Saved data entries

[Start of section]

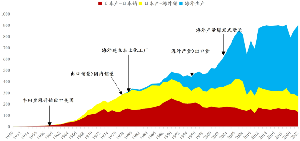 以丰田汽车为例,当其在日本本土产量趋于稳定的1980年,正值日系车在美市场份额突破20%,远高于如今中国汽车份额。即使这样,仍在未来四十年迎来爆发式增长 丰田汽车官网,招商银行研究院
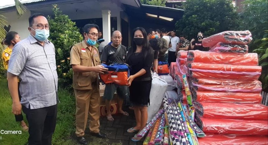 Nampak Kadis Sosial Rinny Tamuntuan dan Kaban BPBD Joy Oroh turun langsung menyerahkan bantuan berupa beras, mie instant, makanan siap saji, matras, tikar, selimut, paket sandang dan masker.
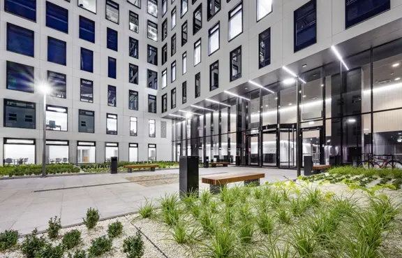 Jest to kompleks biurowy, na terenie którego znajduje się New Work, to 3-piętrowy budynek z lat 30. XX wieku, pomnik polskiego modernizmu, oraz dwa budynki liczące 9 i 13 kondygnacji, które górują nad zabytkowym budynkiem.
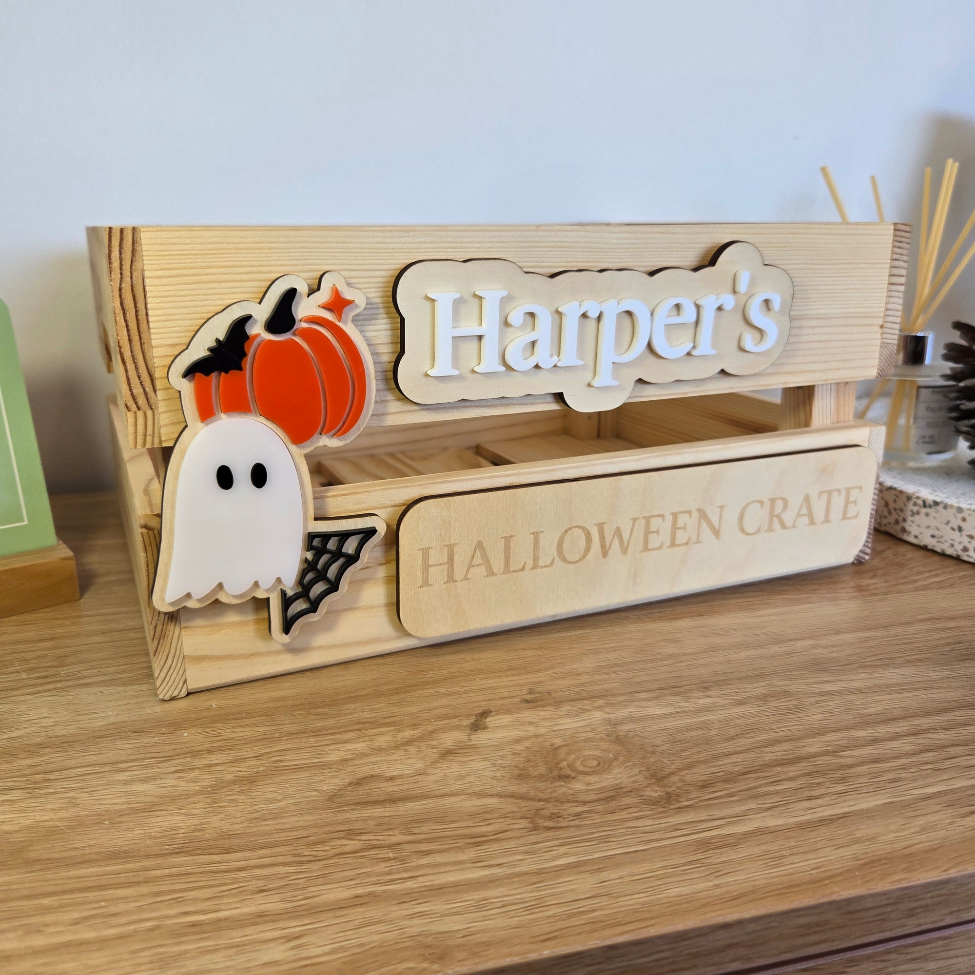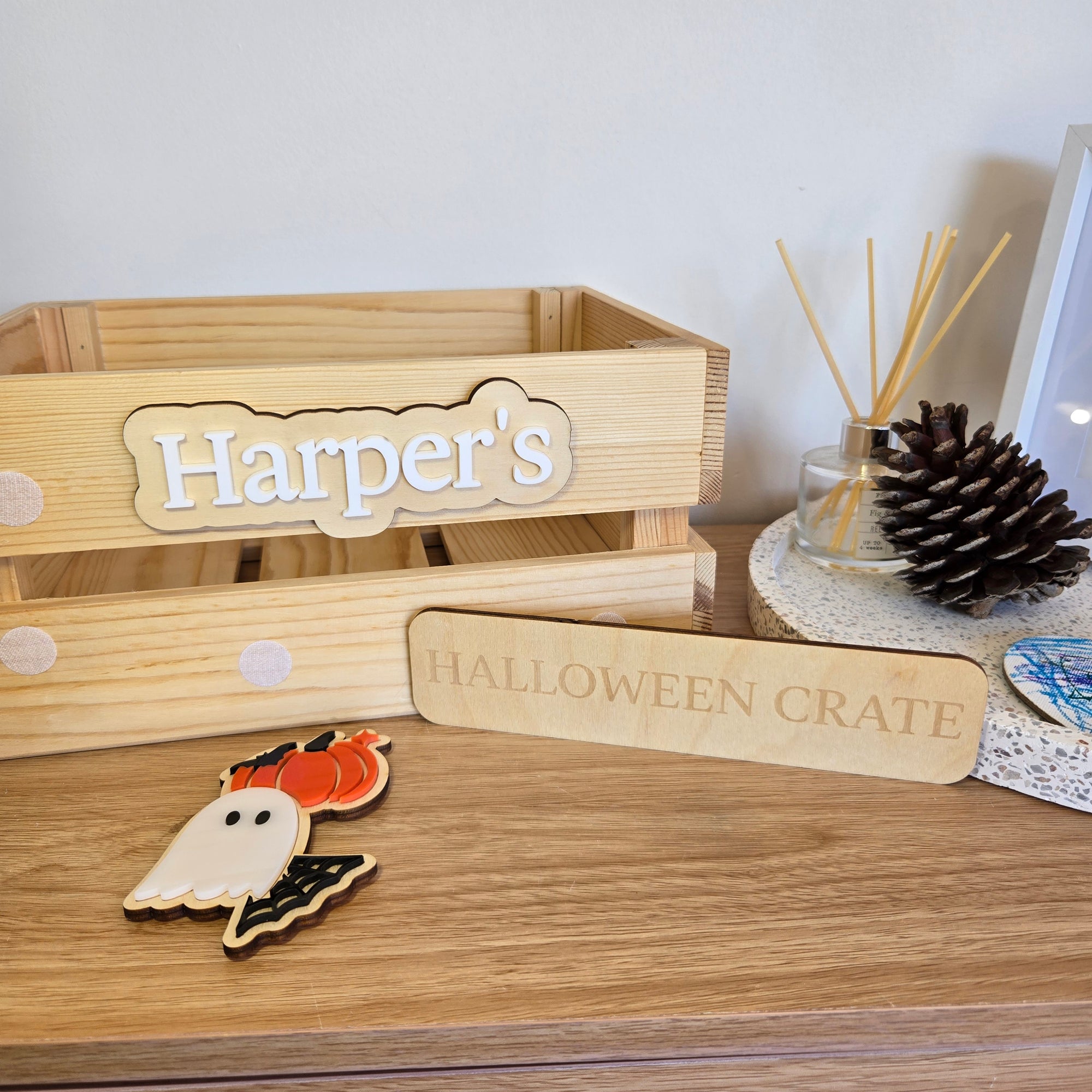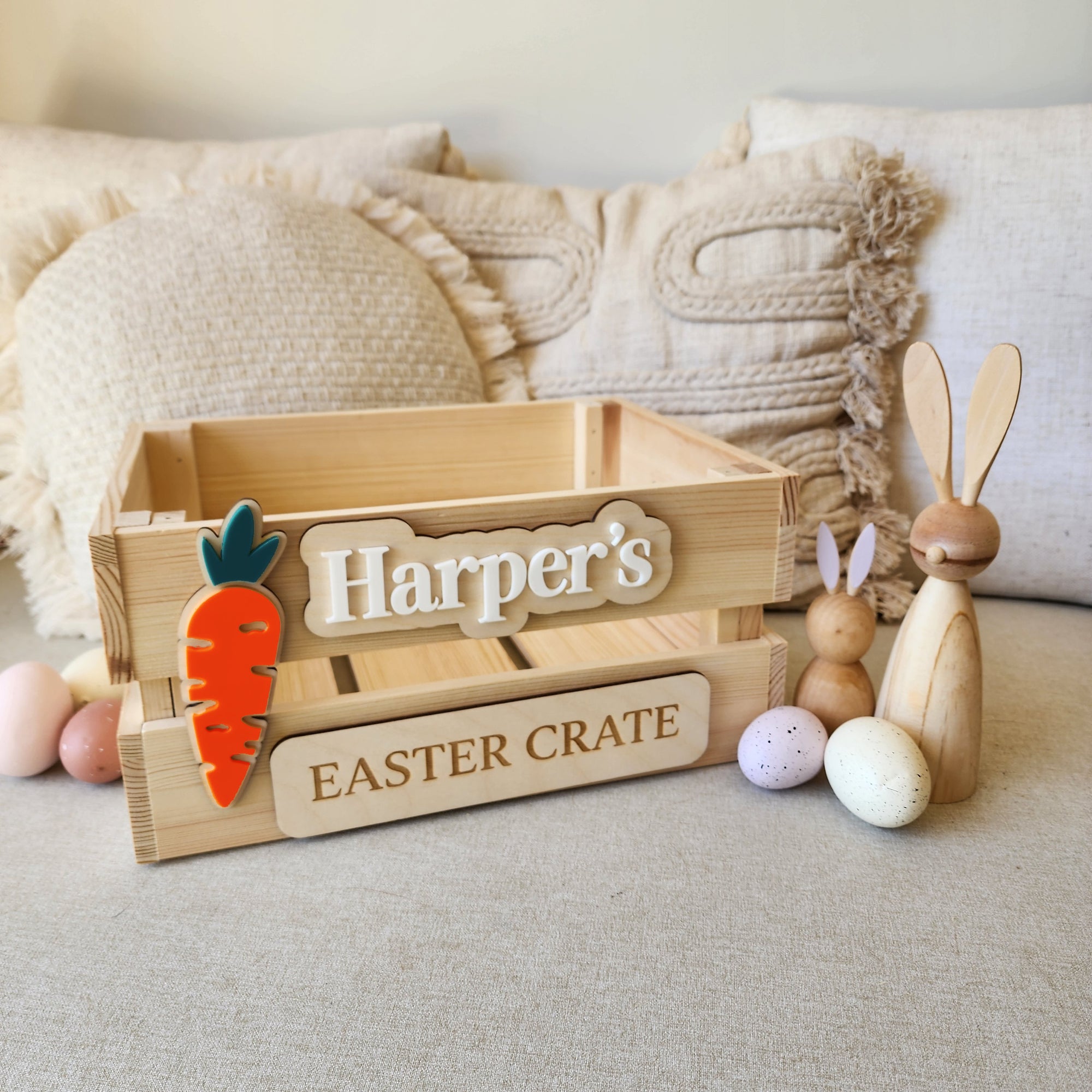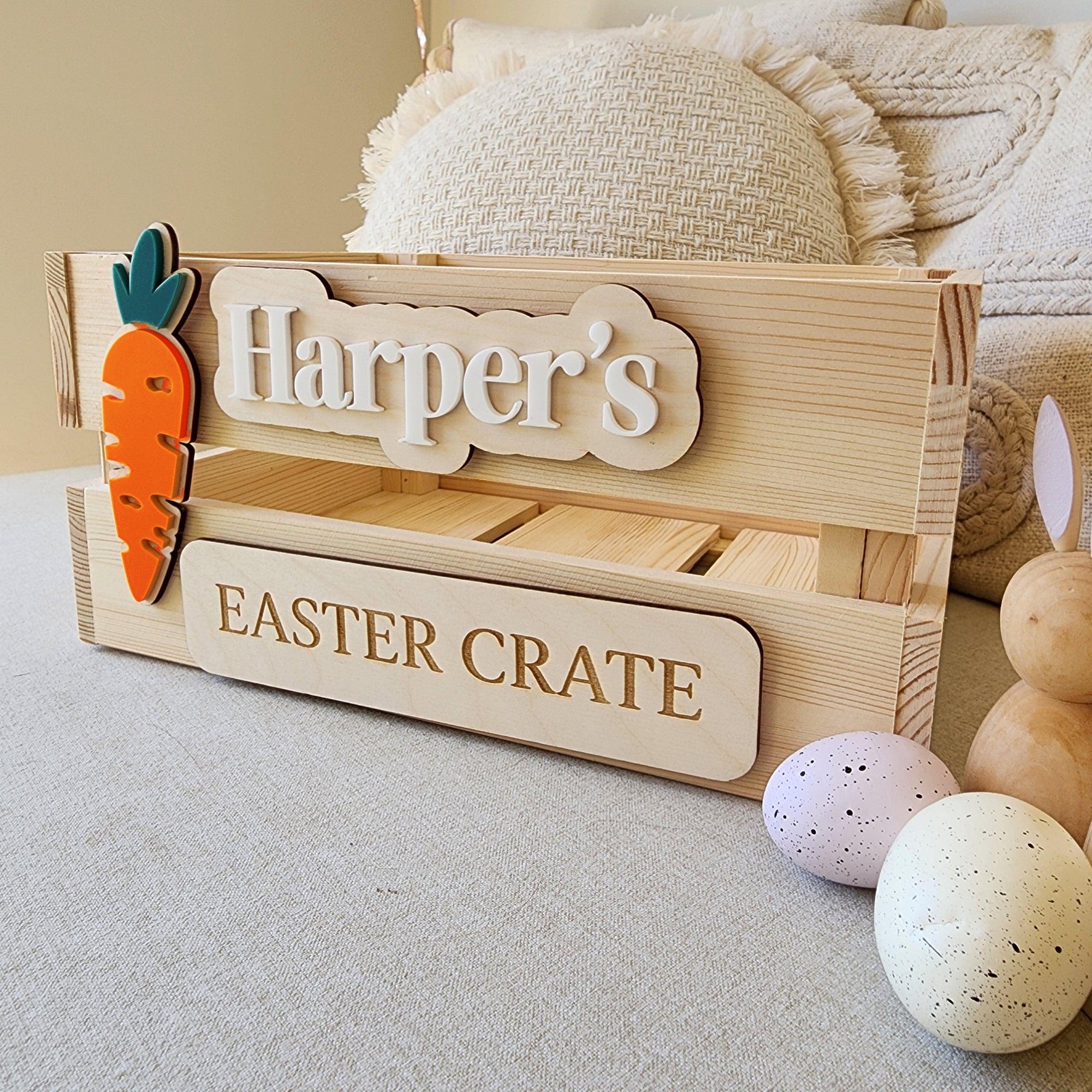 Personalised Wooden Easter Crate with 3D Carrot Tag - Interchangeable Easter Day Keepsake Basket Box
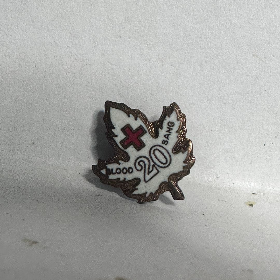 Red Cross Blood 20th Donation Canada Maple Leaf Lapel Pin
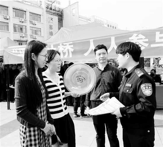 近日,临海市公安局杜桥派出所会同镇综治办,在街心公园开展反诈、禁毒等平安宣传活动。图为民警向群众派送“禁毒脸盆”,同时科普毒品的危害。
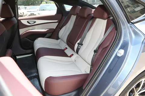空间方面,它的 “得房率” 很高:2843mm 轴距不算最长,但前排空间高度 1019mm(得益于全景天幕的曲面设计),180cm 的身高坐进去,头部还有一拳多的余量;后排膝部空间 110mm,坐三个成年人也不挤,孩子坐在安全座椅上,腿能自由活动。座椅更是 “加分项”—— 云感舒压座椅用的是头层 Nappa 真皮打孔,夏天不闷汗,冬天不冰背;前排支持 12 向电动调节 + 加热 + 通风 + 按摩,跑长途时开个按摩功能,腰不酸背不痛;后排座椅靠背角度合适,老人坐久了也不会觉得累。
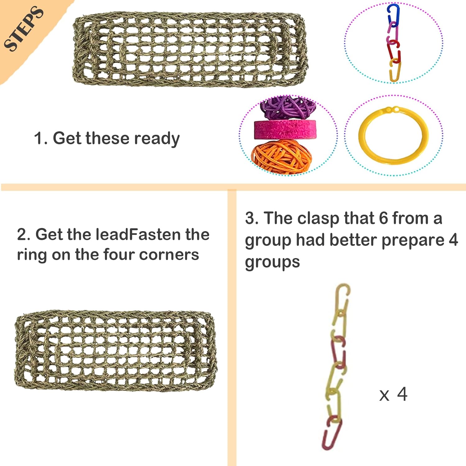 - 【QUALITY SAFETY】Bird seagrass mat is made of natural seagrass handmade woven.seagrass fiber material,soft but very sturdy and durable,Hanging colour toys can meet the birds' play needs.parakeet seagrass mat is a good parakeet cage accessories
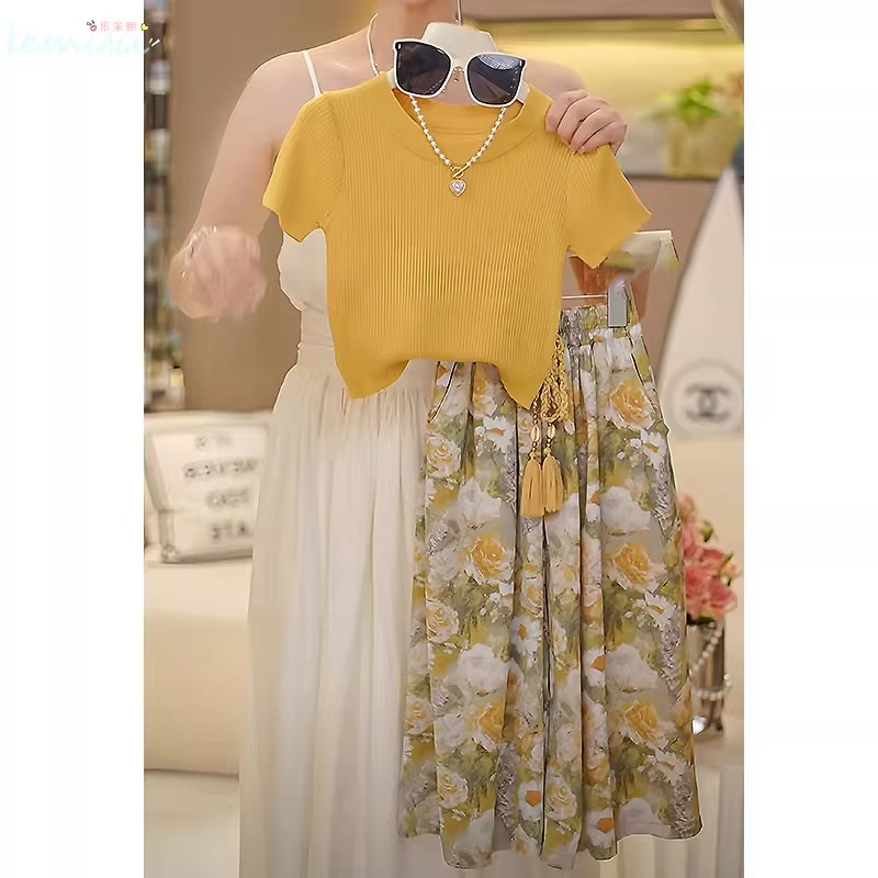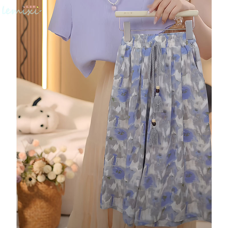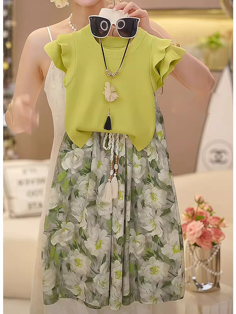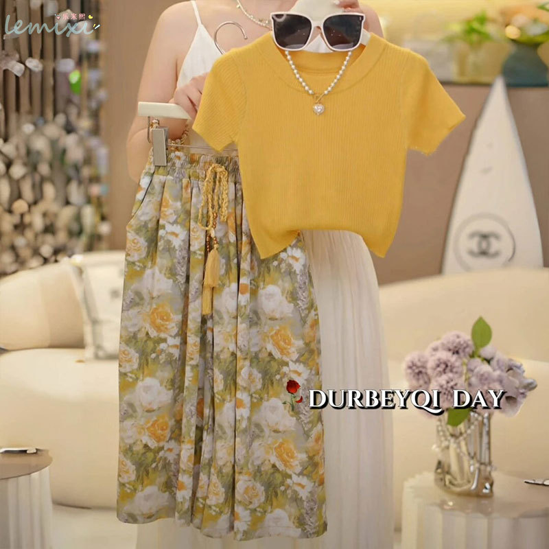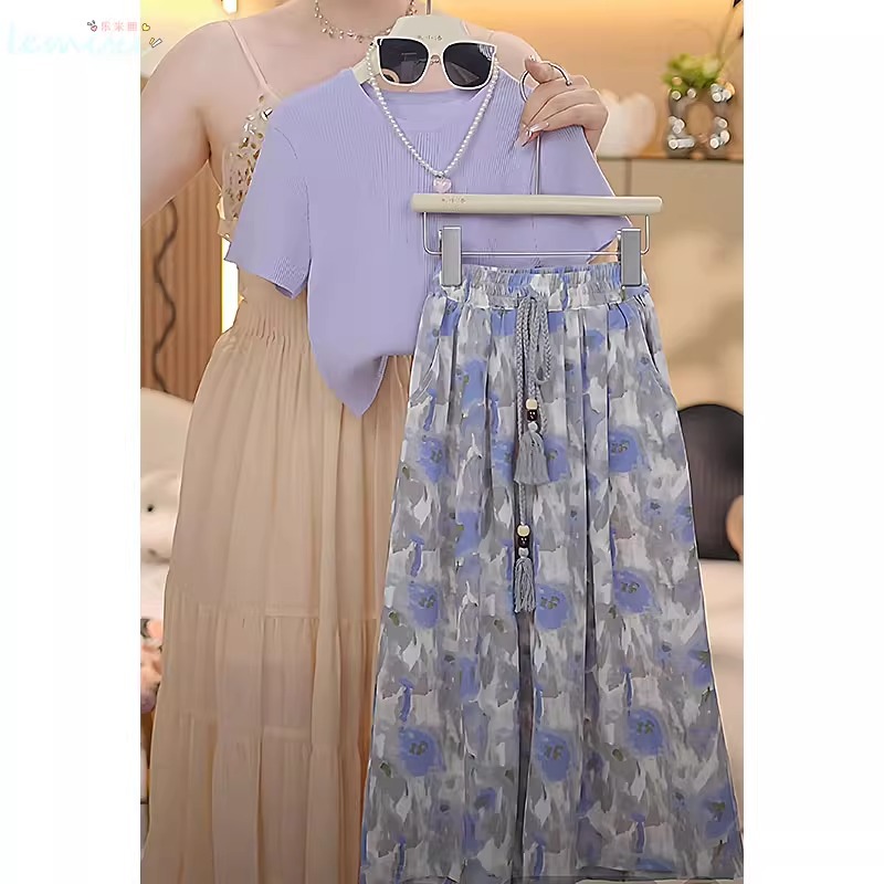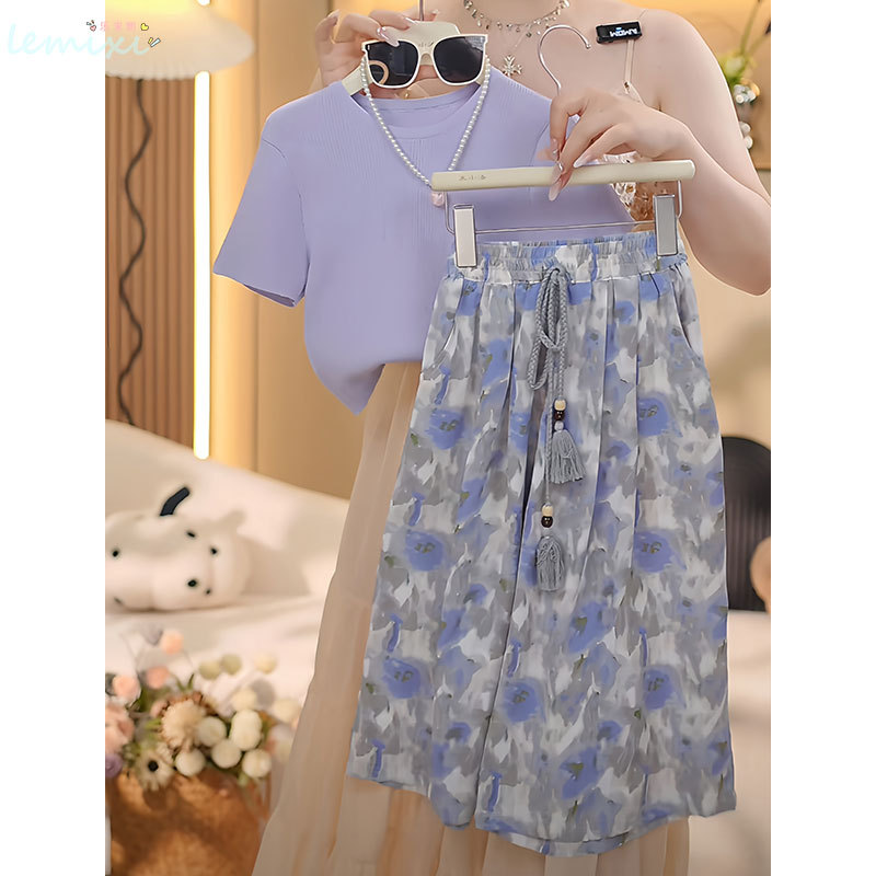 여자 꽃 치마 정장 2025 여름 와이드 레그 팬츠 정장 투피스 양복 플라잉 슬리브 Huzhou Zhili 아동복스토어 가기

[End of section]

:: Goal of the exercise ::
Nothing is needed beyond an exact transcription of the lines from the one containing "通风 + 按摩,跑长途时开个按摩功能,腰不酸背不痛;后排座椅靠背角度合适,老人坐久了也不会觉得累。" to the end of the entries above, with the pictures omitted.

:: Output ::
空间方面,它的 “得房率” 很高:2843mm 轴距不算最长,但前排空间高度 1019mm(得益于全景天幕的曲面设计),180cm 的身高坐进去,头部还有一拳多的余量;后排膝部空间 110mm,坐三个成年人也不挤,孩子坐在安全座椅上,腿能自由活动。座椅更是 “加分项”—— 云感舒压座椅用的是头层 Nappa 真皮打孔,夏天不闷汗,冬天不冰背;前排支持 12 向电动调节 + 加热 + 通风 + 按摩,跑长途时开个按摩功能,腰不酸背不痛;后排座椅靠背角度合适,老人坐久了也不会觉得累。
 - 【QUALITY SAFETY】Bird seagrass mat is made of natural seagrass handmade woven.seagrass fiber material,soft but very sturdy and durable,Hanging colour toys can meet the birds' play needs.parakeet seagrass mat is a good parakeet cage accessories
 여자 꽃 치마 정장 2025 여름 와이드 레그 팬츠 정장 투피스 양복 플라잉 슬리브 Huzhou Zhili 아동복스토어 가기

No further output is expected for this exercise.